There is a class of distributed-memory MM algorithms, called 3D, where \(p^\frac{1}{3}\) copies of the input matrix are spread across processors which make a 3D processor grid of \(p^\frac{1}{3} \times p^\frac{1}{3} \times p^\frac{1}{3}\) [5, 6, 24, 39]. These algorithms also load balance \((F = {\varTheta }\left( {{n^3}/{p}}\right) )\) as well as minimize the communication, with \({\varTheta }\left( {\log (p)}\right) \) latency and \({\varTheta }\left( {{n^2}/{p^\frac{2}{3}}}\right) \) bandwidth [10, 36, 60]. The third class of MM algorithms interpolate between the two classes where they take advantage of having c copies of the input matrix (\(c \in \{1, 2, ..., p^{{1}/{3}}\}\)) to build a \(({p}/{c})^{{1}/{2}} \times ({p}/{c})^{{1}/{2}} \times c\) processor grid, and hence they are called 2.5D. These algorithms have \({\varTheta }\left( {{n^2}/{\sqrt{cp}}}\right) \) bandwidth and \({\mathcal O}\left( { \sqrt{{p}/{c^3}} + \log (c) }\right) \) latency.
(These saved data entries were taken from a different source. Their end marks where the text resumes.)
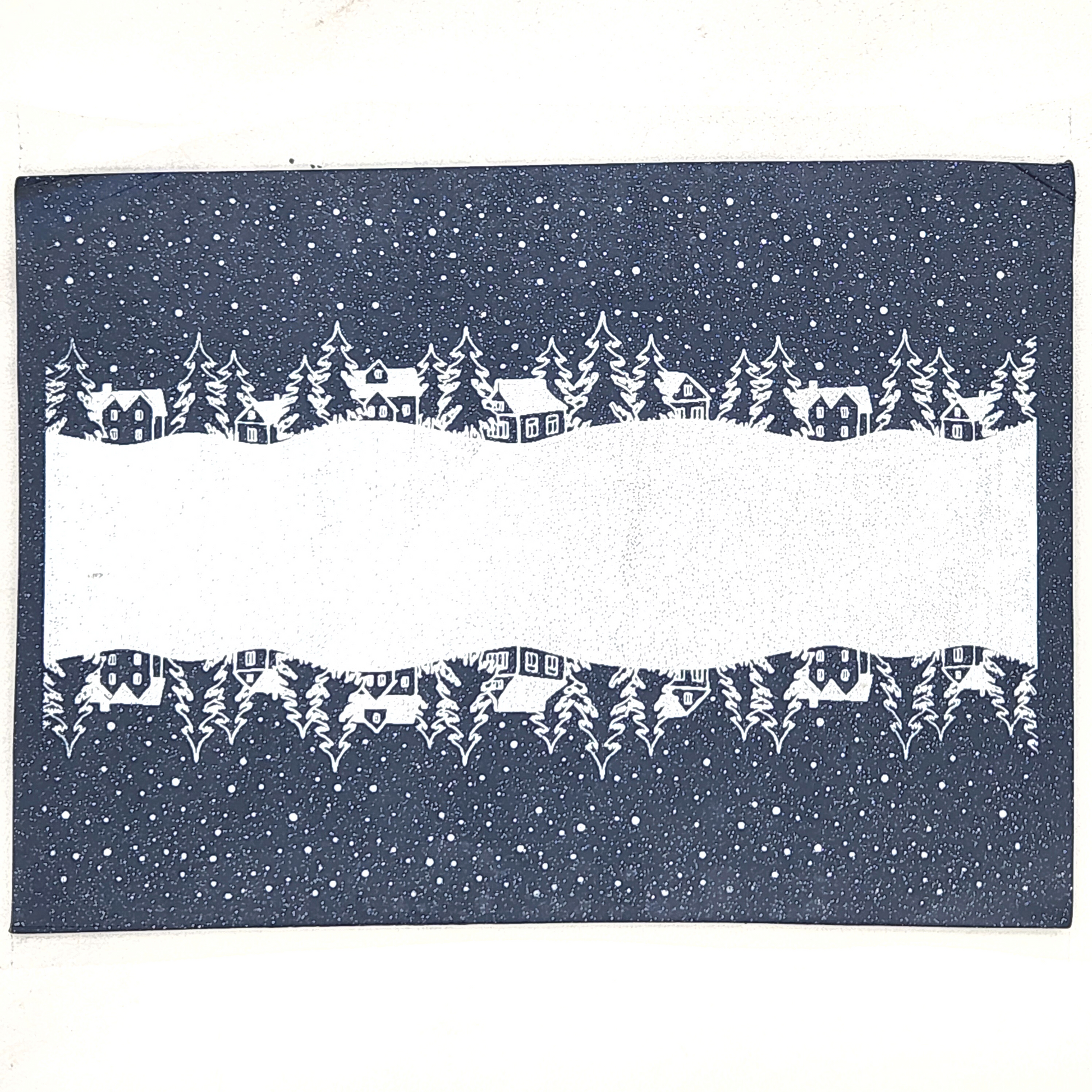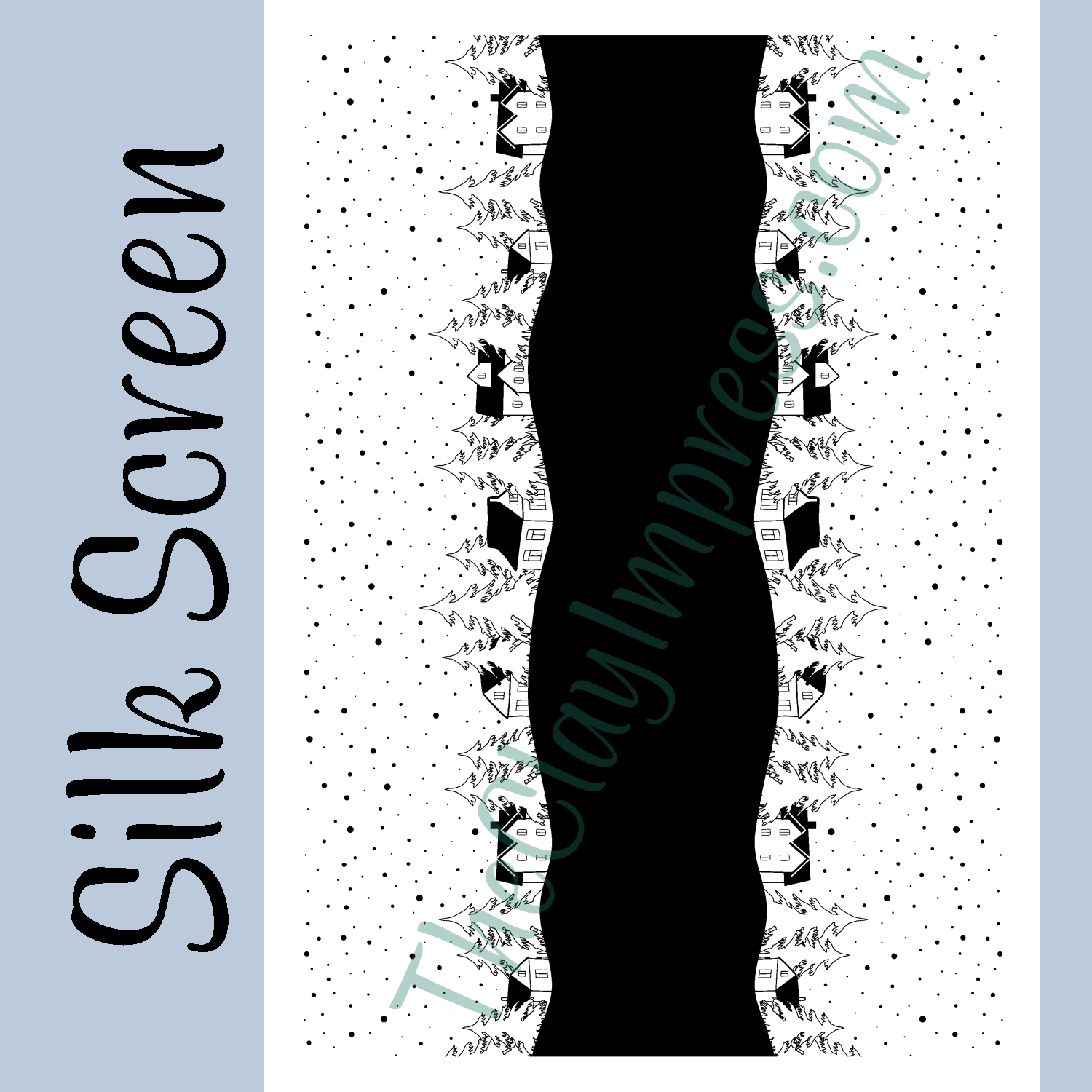 This mirrored Winter cottages silk screen can be used on polymer clay with heavy body acrylic paint, mica powders, or fine chalk pastels.
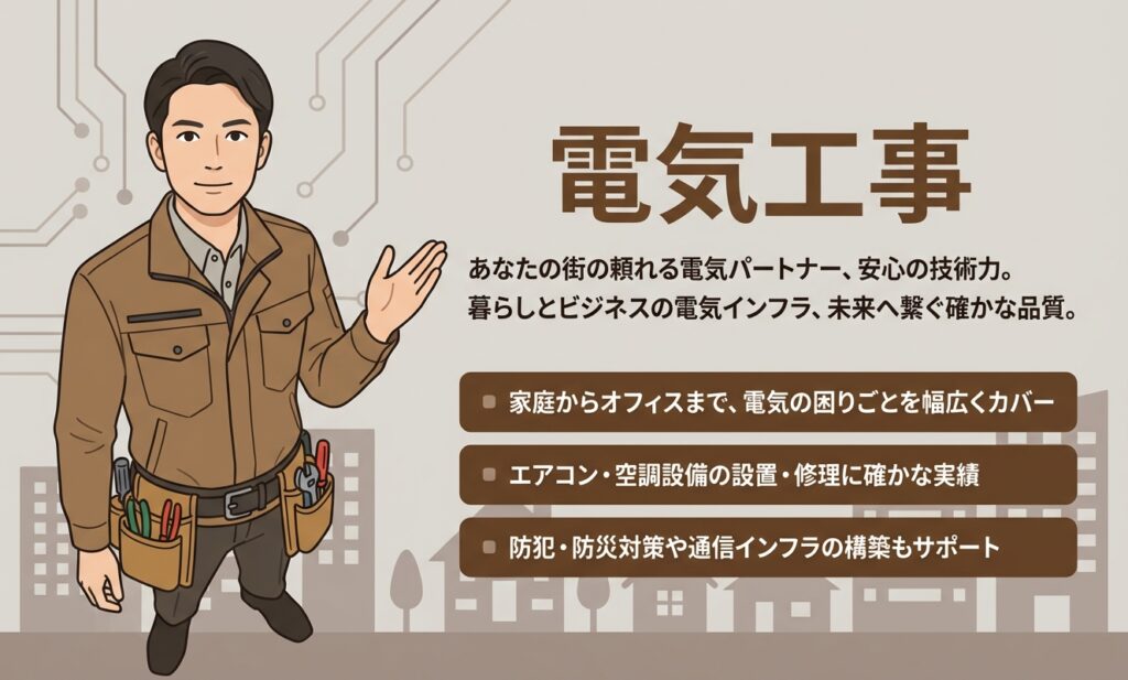 家庭からオフィスまで、電気の困りごとを幅広くカバー
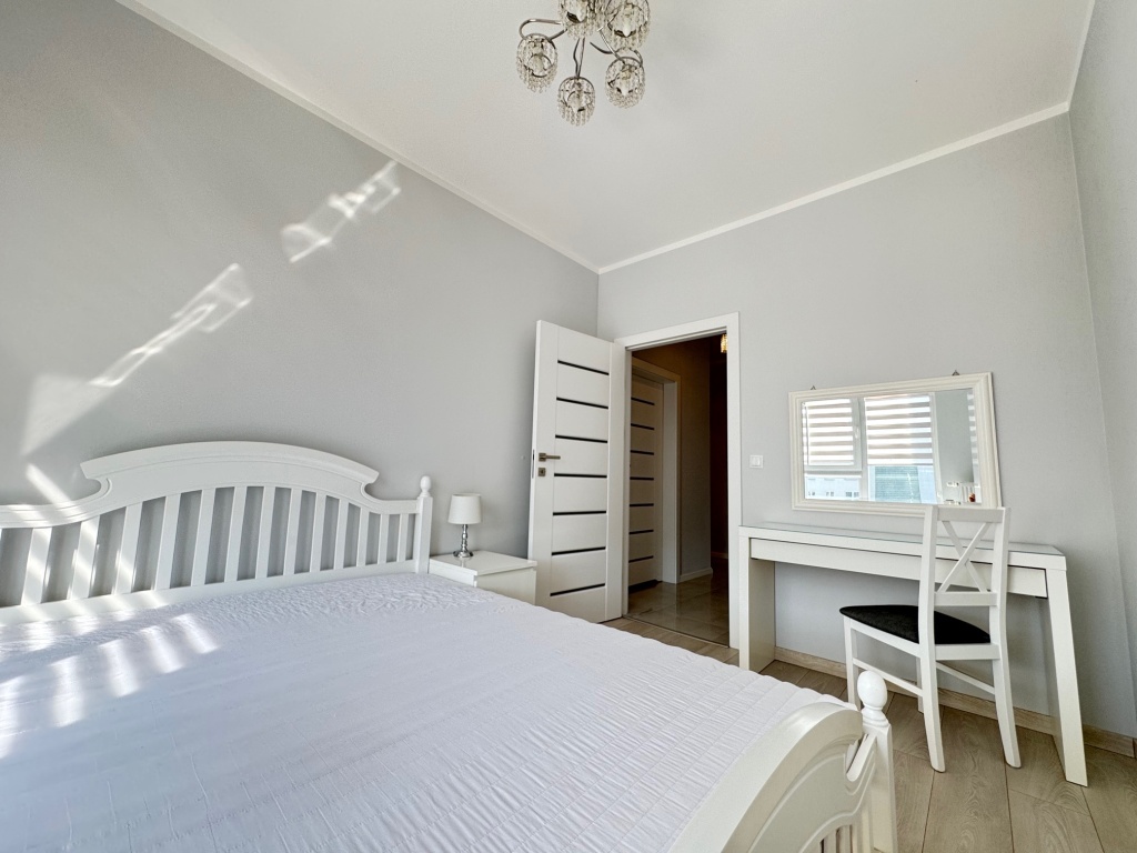 Mieszkanie składa się z salonu z kuchnią, łazienki, garderoby oraz 2 sypialni. Mieszkanie jest umeblowane i dostępne do zamieszkania od 15 GRUDNIA 2025!
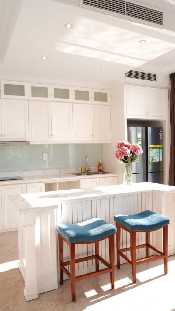 – Trang bị tiện nghi đầy đủ dụng cụ, gia vị nấu nướng, bát đĩa
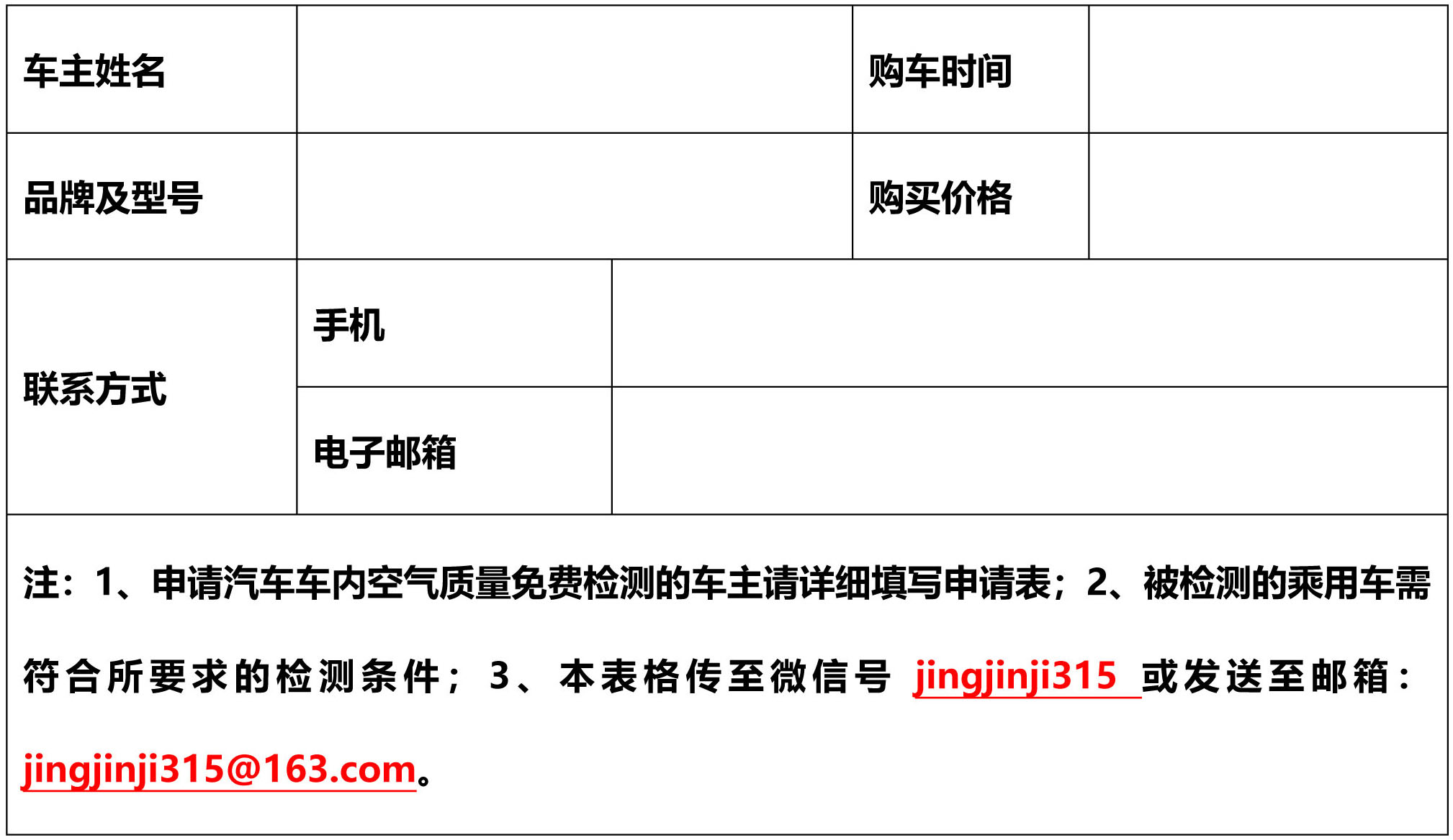 为确保此次比较试验的客观公正性,检测用车将采取公开征集的形式,欲参加此次免费检测活动的车主均可自愿报名参加。报名方式为:1.添加微信号沟通报名,微信号为:jingjinji315;2.发送报名信息至邮箱:jingjinji315@163.com。

The same technique can be used for Gaussian-elimination style LU algorithm to obtain bandwidth cost of \({\varTheta }\left( {{n^2}/{\sqrt{cp}}}\right) \) and a latency cost of \({\mathcal O}\left( {\sqrt{cp} \log {p}}\right) \) which is asymptotically optimal for any choice of c (modulo \(\log (p)\) factor for latency). Ballard et al. [9] have extended the communication cost analysis of distributed memory algorithms to fast MM algorithms (Strassen’s) and have proved that Communication-Avoiding Parallel Strassen (CAPS), running on a distributed-memory parallel machine meets the lower bounds on bandwidth and latency costs.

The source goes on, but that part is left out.